**Data records:**

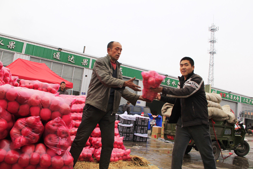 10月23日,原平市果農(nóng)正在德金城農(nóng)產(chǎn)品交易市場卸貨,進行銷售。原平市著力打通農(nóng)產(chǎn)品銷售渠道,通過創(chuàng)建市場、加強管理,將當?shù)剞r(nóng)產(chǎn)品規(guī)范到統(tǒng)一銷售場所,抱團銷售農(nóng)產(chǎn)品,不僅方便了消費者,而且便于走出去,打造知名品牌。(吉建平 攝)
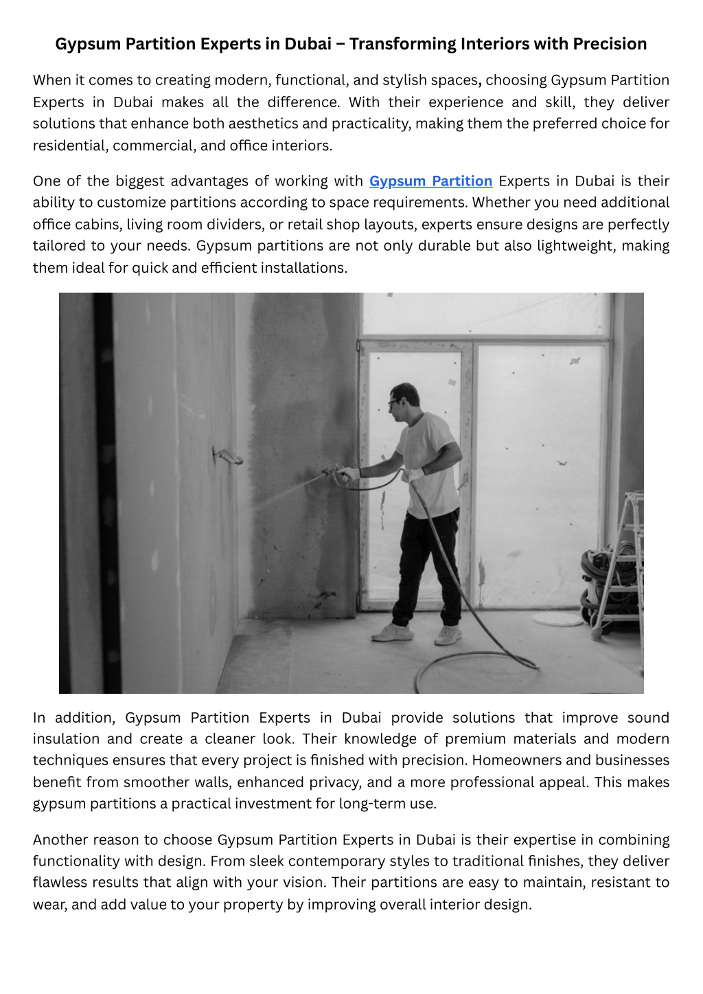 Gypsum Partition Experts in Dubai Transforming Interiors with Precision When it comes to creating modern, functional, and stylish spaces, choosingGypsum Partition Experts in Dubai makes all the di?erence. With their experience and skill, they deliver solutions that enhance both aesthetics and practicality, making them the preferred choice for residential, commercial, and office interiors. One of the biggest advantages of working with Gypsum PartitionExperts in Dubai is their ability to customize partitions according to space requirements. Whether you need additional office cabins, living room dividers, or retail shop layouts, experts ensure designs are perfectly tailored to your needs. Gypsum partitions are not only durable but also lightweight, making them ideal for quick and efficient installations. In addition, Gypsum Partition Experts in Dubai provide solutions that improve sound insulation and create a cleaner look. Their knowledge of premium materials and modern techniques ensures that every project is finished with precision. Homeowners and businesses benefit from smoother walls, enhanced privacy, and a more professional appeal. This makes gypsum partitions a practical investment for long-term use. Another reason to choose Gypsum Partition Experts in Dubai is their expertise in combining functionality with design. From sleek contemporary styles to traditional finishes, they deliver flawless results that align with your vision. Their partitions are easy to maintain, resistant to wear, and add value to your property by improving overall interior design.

...

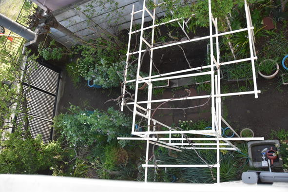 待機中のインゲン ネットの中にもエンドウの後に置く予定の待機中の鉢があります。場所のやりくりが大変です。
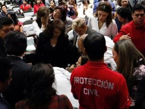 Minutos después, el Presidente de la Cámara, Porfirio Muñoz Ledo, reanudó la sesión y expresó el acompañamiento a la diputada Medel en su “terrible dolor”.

**Task to complete:** From the listing above, please give again the lines that begin with the line holding "10月23日,原平市果農(n" and go on through the line holding "Gypsum Partition Experts in Dubai Transforming", exactly, both ends included, minus any picture.

**The completed task:**
 10月23日,原平市果農(nóng)正在德金城農(nóng)產(chǎn)品交易市場卸貨,進行銷售。原平市著力打通農(nóng)產(chǎn)品銷售渠道,通過創(chuàng)建市場、加強管理,將當?shù)剞r(nóng)產(chǎn)品規(guī)范到統(tǒng)一銷售場所,抱團銷售農(nóng)產(chǎn)品,不僅方便了消費者,而且便于走出去,打造知名品牌。(吉建平 攝)
 Gypsum Partition Experts in Dubai Transforming Interiors with Precision When it comes to creating modern, functional, and stylish spaces, choosingGypsum Partition Experts in Dubai makes all the di?erence. With their experience and skill, they deliver solutions that enhance both aesthetics and practicality, making them the preferred choice for residential, commercial, and office interiors. One of the biggest advantages of working with Gypsum PartitionExperts in Dubai is their ability to customize partitions according to space requirements. Whether you need additional office cabins, living room dividers, or retail shop layouts, experts ensure designs are perfectly tailored to your needs. Gypsum partitions are not only durable but also lightweight, making them ideal for quick and efficient installations. In addition, Gypsum Partition Experts in Dubai provide solutions that improve sound insulation and create a cleaner look. Their knowledge of premium materials and modern techniques ensures that every project is finished with precision. Homeowners and businesses benefit from smoother walls, enhanced privacy, and a more professional appeal. This makes gypsum partitions a practical investment for long-term use. Another reason to choose Gypsum Partition Experts in Dubai is their expertise in combining functionality with design. From sleek contemporary styles to traditional finishes, they deliver flawless results that align with your vision. Their partitions are easy to maintain, resistant to wear, and add value to your property by improving overall interior design.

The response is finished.